In 2006 Madrid´s city hall organized an International Competition to restore two of the buildings of the old Slaughter House of Madrid. Their idea was to transform them into a singular cultural space. This facility was used as a place for killing the animals and store them afterwards with hooks hanging from the ceiling.
Our main idea with our intervention was to recover the old memory of this traditional place in the city of Madrid.
The low budget we had to afford it made us reduce our actions into two unique decisions. The first one was to use a single industrial element, a door, to multiply the functional possibilities of the space. According with their position the main space could be transformed into smaller spaces to celebrate different activities at the same time. The second decision was to recover the brick, (originally covered with plaster), in order to transform the atmosphere of the space. When these two ideas were executed the character of the building was transformed, and the scale and the proportions of its interior were reinforced. A single material and structural feature also reduce the complexity and the cost of the process.

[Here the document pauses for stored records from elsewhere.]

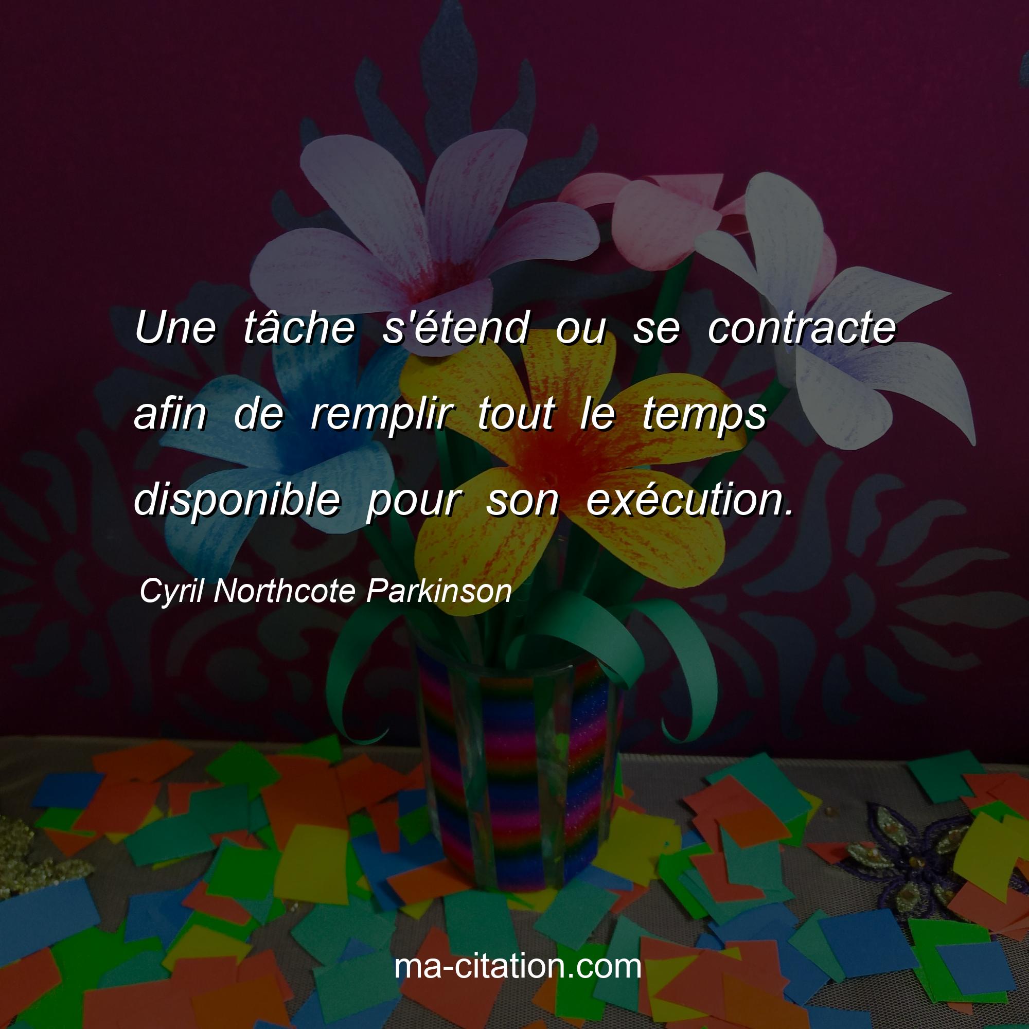 Cyril Northcote Parkinson est l'auteur de la citation sur la motivation "Une tâche s'étend ou se contracte afin de remplir tout le temps disponible pour son exécution.".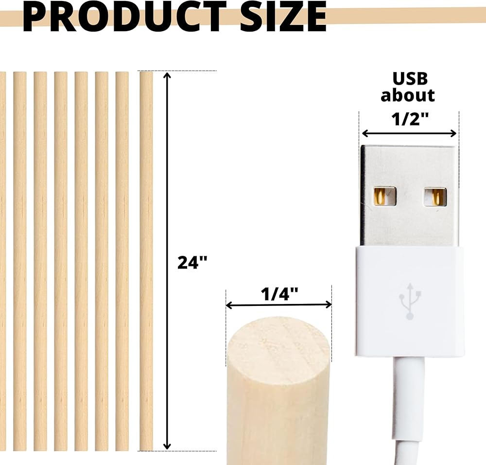 The 12-inch size of these dowels for crafting, small wooden dowels for crafts is very handy and practical. Experiment with length. If the wood dowel you are using is too long, just cut it to size. And the 1/4 inch thickness will add aesthetics to your work without being flimsy at all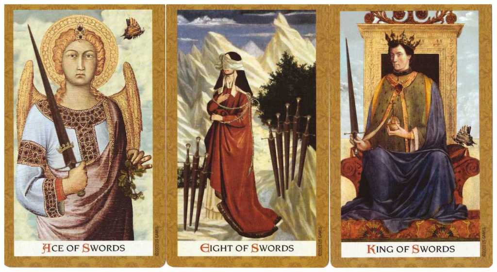 Ace of Swords, 8 of Swords, and King of Swords, from the Golden Tarot created by Kat Black.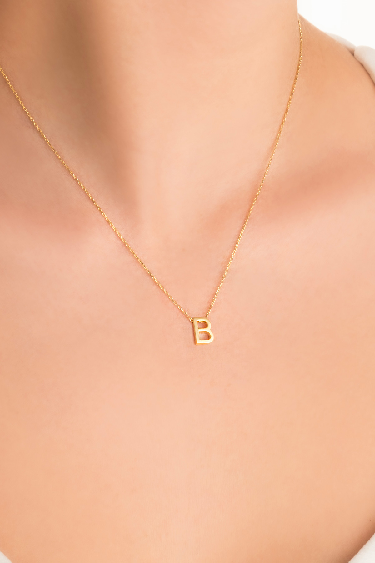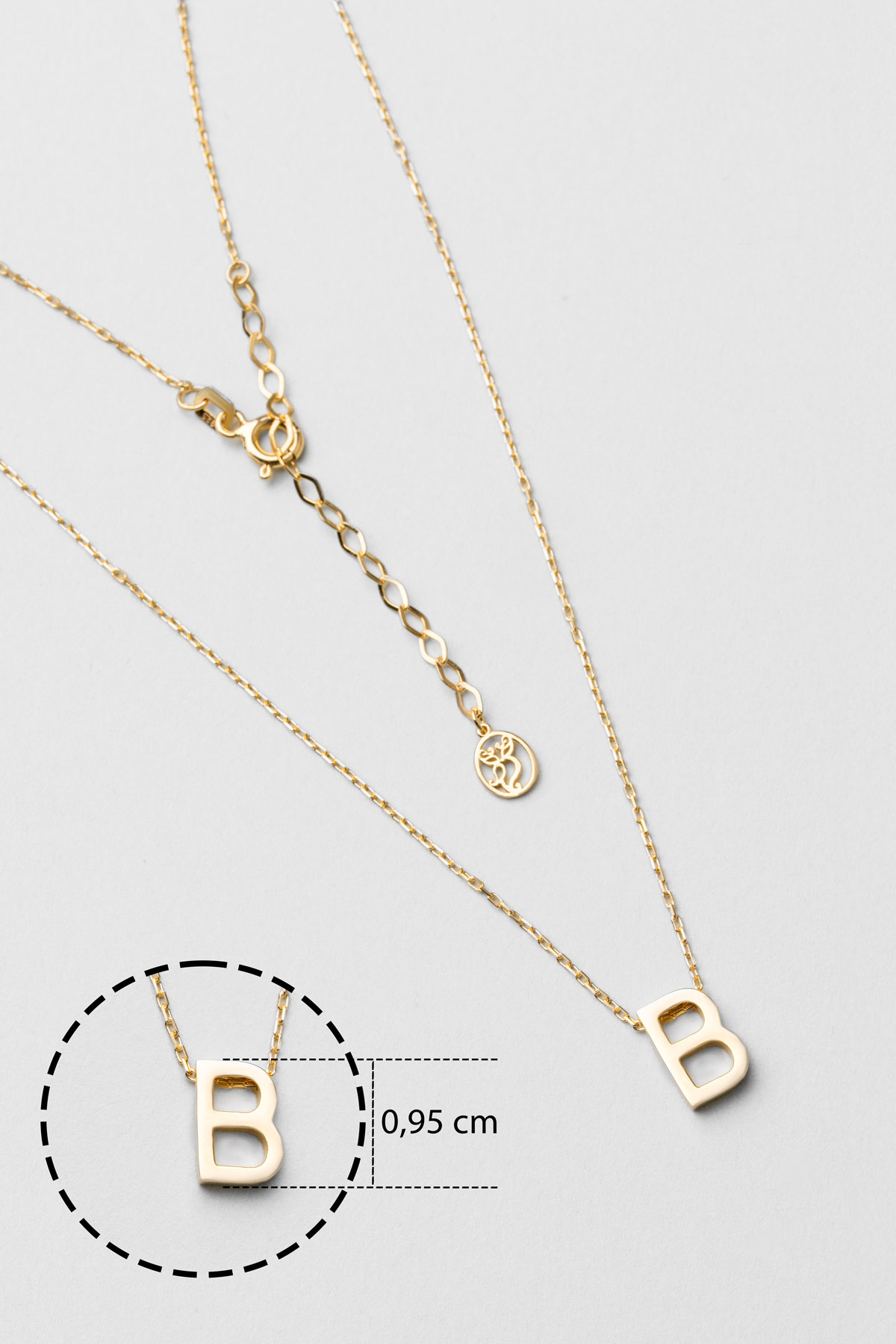 My Story B Harfi 18 Ayar Sarı Altın Kaplama 45 Cm Gümüş Kolye

At the core of the concept for the vast space is a system of double-height steel pivoted doors that can be adjusted easily to meet the needs of the user. The battery of doors encloses a central rectangular space, enabling this area to be segregated from the rest of the hall. One possibility is a neutral void that is suitable for avant-garde installation art and projections. When opened, the set of doors connects the central area with the rest of the space, achieving full flexibility.
When the central area is not enclosed, visitors have an excellent view of the old interior of a building whose historical value has been preserved. Existing windows and doors are equipped with the same steel mechanisms, a nod to the larger intervention and a modern adaptation to the slaughterhouse. Steel window shutters can be closed to block the outside environment and to darken the interior for concerts and performances. Displaying a similar character, the main door pivots at its central lateral point, thus becoming a marker that defines a threshold leading to the main space. The chromatic contrast between the converted interior and its monumental brick shell enhances this unobtrusive and elegant backdrop to public events, while allowing it to retain a subtle industrial aesthetic.
The building after the work was finished preserves its value as part of the memory of the city but also incorporates a contemporary architectural intervention that activates the use of a building that used to be dead.